You never know what you might find in the corner of a shed
At work recently, I was talking to a manager from another department about fisheries-related matters and the conversation got round to deer, as it always does (he had noticed the nice wee set of 12-inch hog deer antlers I have on my desk). Jim told me that in the 70s he had been a ranger out at Cobourg National Park. We chatted about the park as I was lucky enough to work there for six weeks in 1995 as part of an initiative to broaden rangers' experience while working for Parks Victoria.
We naturally talked about the sambar and banteng in the area, but what really tweaked my interest was that he told me he was there at the time and knew the traditional owner who shot the last known barasingha on the peninsula in 1974. Unfortunately, no photographs were taken and the hunter has since gone to the Dream Time; man, it would have been good to talk to him. Jim said the barasingha just held on in low numbers for over 60 years until that last one was seen and shot.
If you read Arthur Bentley’s book An introduction to the deer of Australia you will learn five barasingha were purchased in 1912 from the Victorian Acclimatisation Society along with 54 fallow deer and three sambar. En-route, one barasingha jumped overboard off Cape York and the remaining deer including the four barasingha were off-loaded into a stockade at Port Essington and were eventually released into the surrounding bush.
There were probably a few factors that made it tough for the barasingha to really establish. The low number originally liberated, competition from banteng that are also browsers as well as grazers, but probably most importantly, barasingha are a floodplain animal. The area they were released into is savannah woodland. Unfortunately, they were just 50 or 60 kilometres as the crow flies from some good floodplains areas, but their numbers never got to the stage where they expanded their range to get to the Murganella floodplains. But who knows, there might still be a few still out there on Cobourg.
Barasingha in Victoria?
As mentioned above, the barasingha that were released on Cobourg Peninsula were purchased from the Victorian Acclimatisation Society.

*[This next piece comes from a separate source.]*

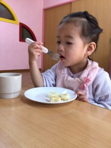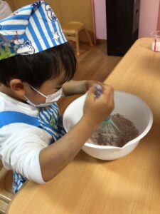 午後クラスでは、材料のミックス粉、ココアパウダー、牛乳を決められた量を自分たちで計量することから取り組みました。慎重に、はかりや計量カップの数字を見ながら材料を入れます。「まだまだ」「あとほんの少しでいいよ」「ストップ!」と言いながらぴったりの量をはかり、混ぜるときには「色が変わった!」「どんなにおい?」と変化に興味津々な様子でした。電子レンジでの調理中には「なんかいいにおいがしてきた」「早く食べたいな」とわくわくしてできあがりを待ちました。ケーキが完成すると、まってましたとばかりにあっという間にたべてしまう子どもたちでした。お友達と協力して作ったココアケーキは、特に美味しく感じられたようです。

There are a few records of attempted releases in Victoria and a few lost during transport in Victoria and en-route to more northern destinations. I found a couple of references to barasingha in Victoria in a newspaper and old hunting magazines when I was undertaking literature searches for my Honours program in 1995. The hunting mag referred to a hind that was shot behind Healesville that the author believed to be a barasingha due to its colour and different stature to sambar, but unfortunately again no photo was taken. The newspaper reference referred to barasingha and elk being seen by dam construction workers on picnics in the Upper Yarra River when the dam was being built in the 1950s.
Fifteen years after reading the newspaper reference, I was picking up some deer carcases for a deer hunting workshop in southern NSW. The deer farmer bred fallow deer including the Persian (Mesopotamian) sub-species and I had picked up a nice cast antler from a buck in the paddock where we had got the deer. The farmer kindly offered that I could keep it and said he thought the other antler was in the shed near the house and I could have it too if I wanted (of course I ‘wanted’).
When we went into the shed we found the antler, but what really pricked my interest was a set of antlers mounted on a wooden shield. I asked if I could get them out from underneath a pile of cast fallow antlers. I inquired where they came from and he stated that he had picked them up at a clearing auction at the end of the construction of the Snowy River Scheme. The antlers had been on the wall of a hotel that had been moved to the Snowy Scheme from the Upper Yarra Dam.
The farmer thought they were from a barasingha. He did not know if it was actually taken in the Upper Yarra, but I thought it was an interesting coincidence with what I had read in the newspaper. When I got home after the deer workshop I did a bit of online research and the antlers look more like Eld’s deer (have a look at the photos attached to this article and then go online and look at barasingha and Eld’s deer heads and decide for yourself). If this is an Eld’s deer and it was taken in the Upper Yarra, it is an interesting addition to the history of deer in Australia, as well as this species which is now listed as endangered in its natural range in Asia.
If you do find any photos or interesting heads, let us know at the ADA. It might be a new record of a species that is not currently known to have been in Australia. Who knows, there might still be the odd little pocket of ‘interesting’ deer out there hanging on that no-one has really noticed or cared about; remember, Australia is a big place.